Зверьку было уже четыре года, но ни разу ещё он не просыпался зимой. Каждую осень он забирался в свою норку, в никому не нужную печную трубу, а просыпался поздней весной.
Он проплыл вокруг ближайшего дерева, вспоминая, умеет ли он лазать по деревьям. Оказалось, что умеет и очень хорошо. А дерево оказалось дубом. Хотя вокруг было полно ёлочек, снежные волны понесли зверька, как лёгкое судёнышко в шторм, именно к дубу к большой скале среди бушующего снежного моря.

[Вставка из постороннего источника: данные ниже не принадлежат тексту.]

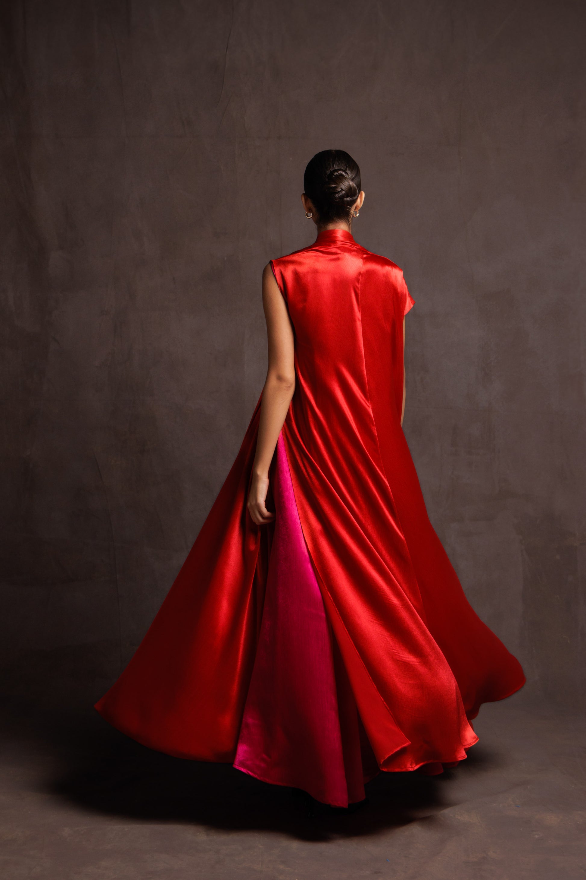 This red draped vest merged with a fuchsia  V neck dress  serves an elegant look.

Зверёк забрался наверх и обнаружил, что нет ни одного листика и даже ни одного жёлудя, чтобы подкрепиться. Это очень его расстроило. Зато он нашёл укутанную с лап до головы в перья фигуру, которая оказалась филином.
Привет, сказал зверёк и перепрыгнул на ветку, где сидел филин. Только теперь он обнаружил, что филин висит на суку кверху ногами, похожий на большое осиное гнездо, и с этой стороны ветки только его толстые пальцы с сильными когтями. Почему ты висишь кверху тормашками?
Ух, сказал филин.
Ух? повторил зверёк.
Ух. Не мешай мне. Я играю в летучую мышь.
Филины на самом деле очень игривые и весёлые птицы. Только вот их игр никто не понимает.
Зверёк повертелся на суку, думая: прервать ему игру филина или он её уже прервал. Так ни до чего не додумавшись, спросил:
Ты знаешь, кто я?
Ух, сказал филин и посмотрел вниз на постепенно светлеющее небо. Пора спать.
А я только проснулся.
Что? спросил филин. Я немного глуховат.
Уши его поросли густым пухом, а глаза и клюв напоминали три чёрных, блестящих камешка.
Ты знаешь, кто я такой? повторил зверёк громче.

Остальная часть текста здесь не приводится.